Mississippi ought to stop insulting the African-American descendants of slaves with the symbol that was used to oppress them during the war, then terrify them in the hands of Klan terrorists after the Civil War was over and the Yankees had packed up and moved back North. Nobody deserves to go to school in an environment where some ignorant idiot would actually tell them that their lives didn’t matter.
The truth of those monuments — that the boys who enrolled in 1861, white and privileged, arrogant and swaggering, the sons of slave-owners, who all got Gatling-gunned down and got buried here and there where swamp animals didn’t devour their corpses — the truth of the sad melodrama of a society that knew it had been conquered, those things ought not be removed. I wouldn’t mind, though, seeing a monument somewhere on campus to the people who died in Mississippi from the rigors of plantation life in dirty shacks, with insufficient food, backs scarred from whippings.

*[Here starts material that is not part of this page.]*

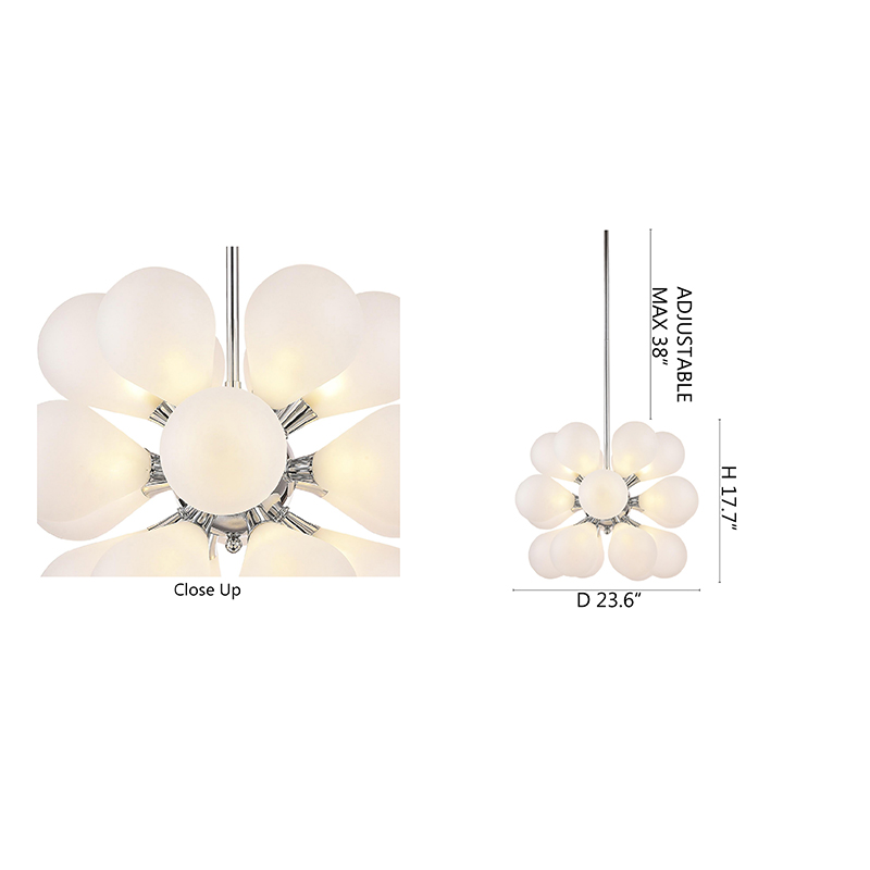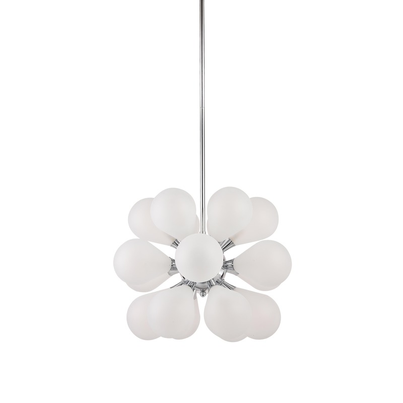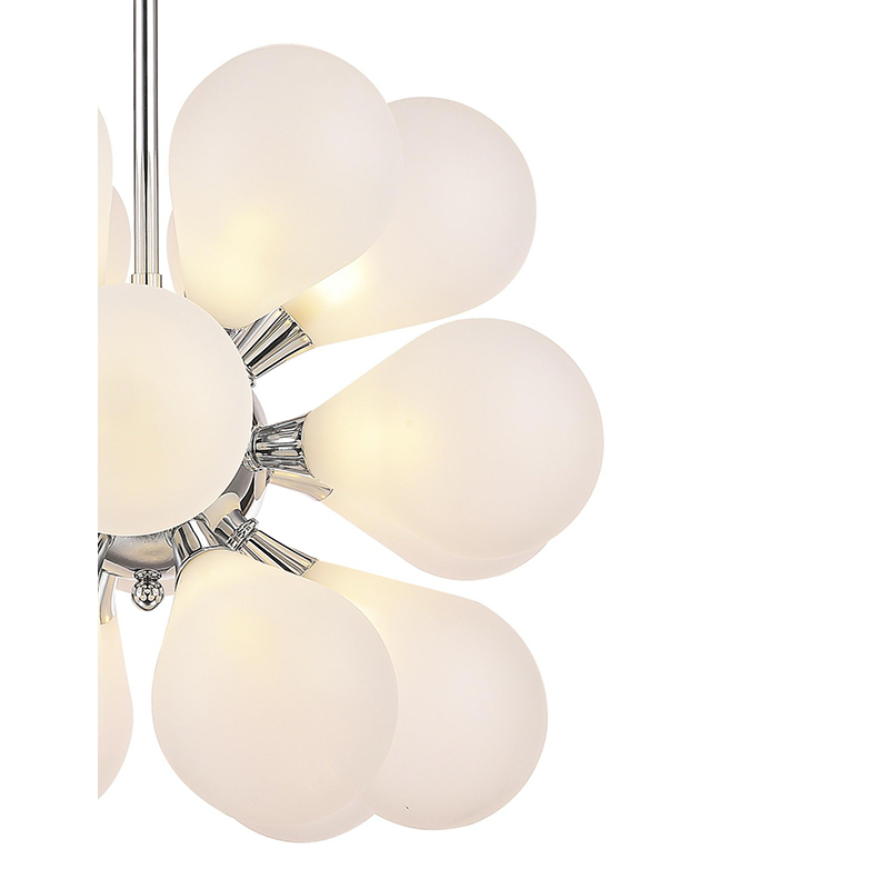 A CHROME FRAME SPUTNIK CEILING FIXTURE WITH WHITE GLASS TEAR DROP SHADES

My instinct would be to put it right next to that Confederate soldier statue, though it would ruin the symmetry of the rotunda. My instinct would be to make it at least as large as the nineteenth-century monument, and why? Because black lives do matter. Confederates did not conquer. And those privileged white boys, their lives were extinguished to defend an indefensible institution, one that brutalized the many for the pleasures of a few.

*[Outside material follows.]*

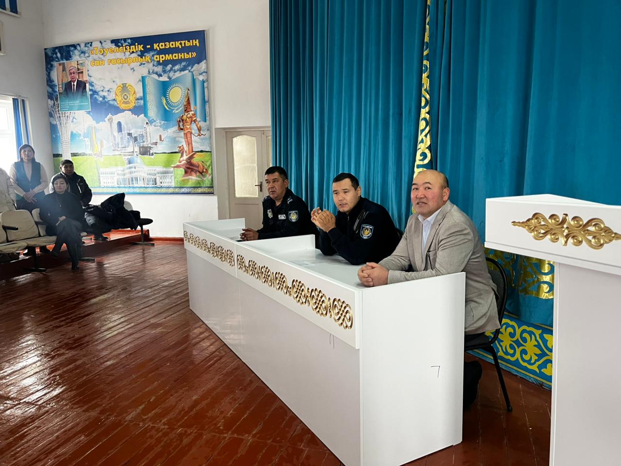 Жиналысқа Отырар АПБ ЖПҚ ЮПТ-ның полиция майоры Бимен Махсат Төлепбергенұлы, Отырар АПБ ЖПҚ ЮПТ-ның инспекторы полиция лейтенанты Сержан Мерей Сержанұлы, МДТІЖО А.Айшыкова, әлеуметтік педагог М.Қалмырза, мектеп медбикесі А.Кенжебай, сынып жетекшілері, пән мұғалімдері, 9-11сынып оқушылары қатысты.

But I would tear nothing down. The ghosts of Confederate soldiers will continue to haunt Ole Miss, especially on nights like the night of November 6, 2012, where a young man got filmed for Youtube, naked all but for an American flag diapering his frat-boy bottom, drunk in the flatbed of a friend’s trunk, angry because Obama won again, shouting “F#ck the N%ggers!” over and over again, just yards away from that Confederate Soldier statue, the true son in the political spirit and overbloated privilege of a small class of white men in Mississippi over the hardworking aspirations of people of color who did him no wrong and over even Mr. Winkler, who needs a real history lesson, as he assumes the cause of that spoiled rich boy somehow reflects his own interests, when in fact it does not. If he were not so defined by his hatred, literally scarred with swastikas of his own selection, I would call him a victim here. I think he has been horribly conned. I would tell him he should clamor for something that acknowledges the total and wasteful loss of white lives in the service of an elitist Confederacy which held the lives of his ancestors at an even lower price than the lives of the slaves they owned and might exploit in peace time.

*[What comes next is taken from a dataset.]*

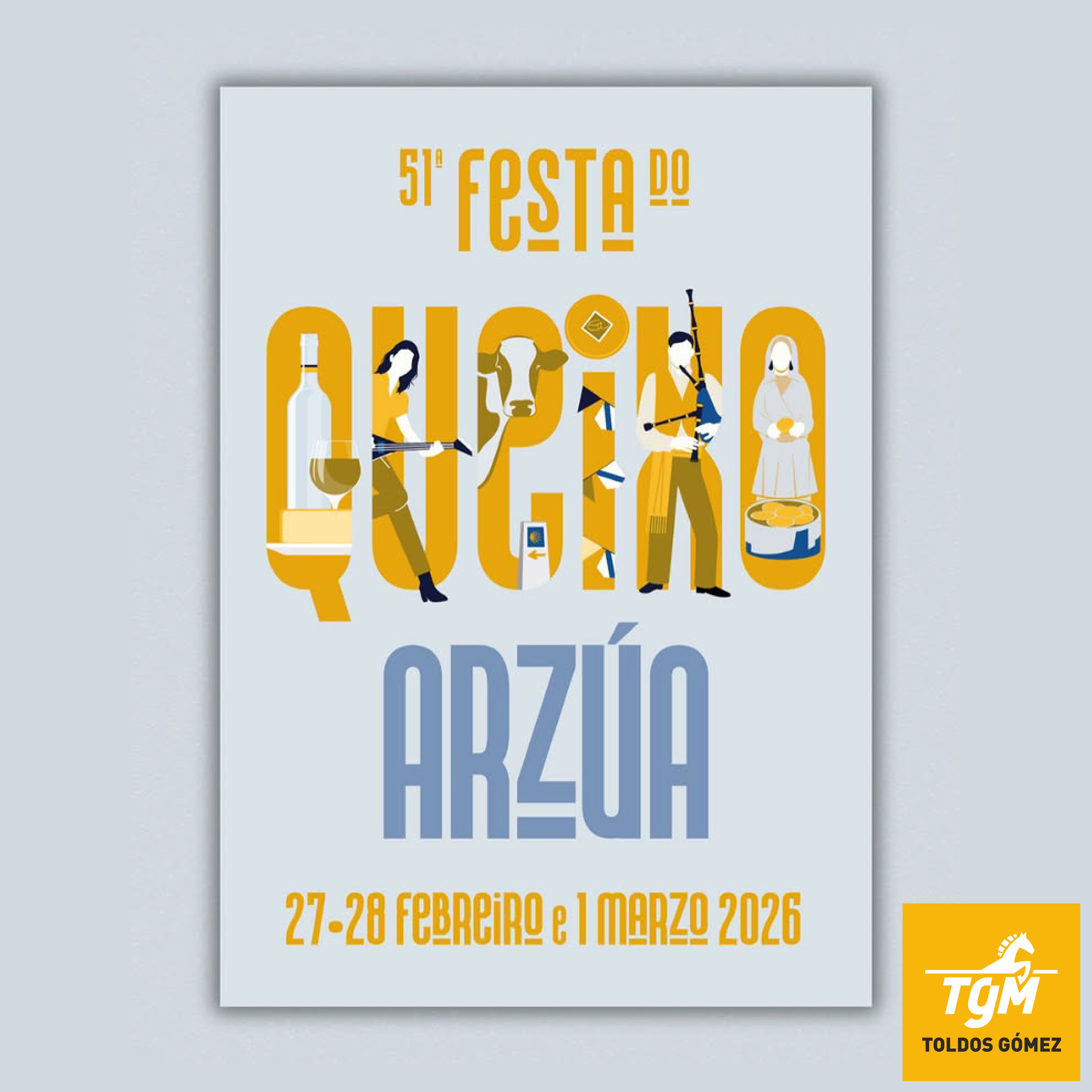 En esta edición de la Festa do Queixo, se ha querido homenajear a la emigración gallega, es decir, a todas aquellas personas que tuvieron que irse por el mundo, pero que nunca perdieron el vÃnculo con su tierra. Este fue el cartel ganador, obra de Aitor MarÃn, hijo de emigrantes arzuanos asentados en Bilbao.

There is blood on the campus of Ole Miss, but it is not the blood of conquerors. There is dried blood of wasted lives. And there is new blood of hopeful members of the New South, and they want to take down a flag that insults the humanity of many students there and the intelligence of absolutely anyone. We don’t believe in myths any more. We want to explore the truth in greater clarity. We want our lives, all our lives, to matter, to be spent in pursuit of worthy causes, ones that serve our interests collectively and individually. Take that accursed flag down!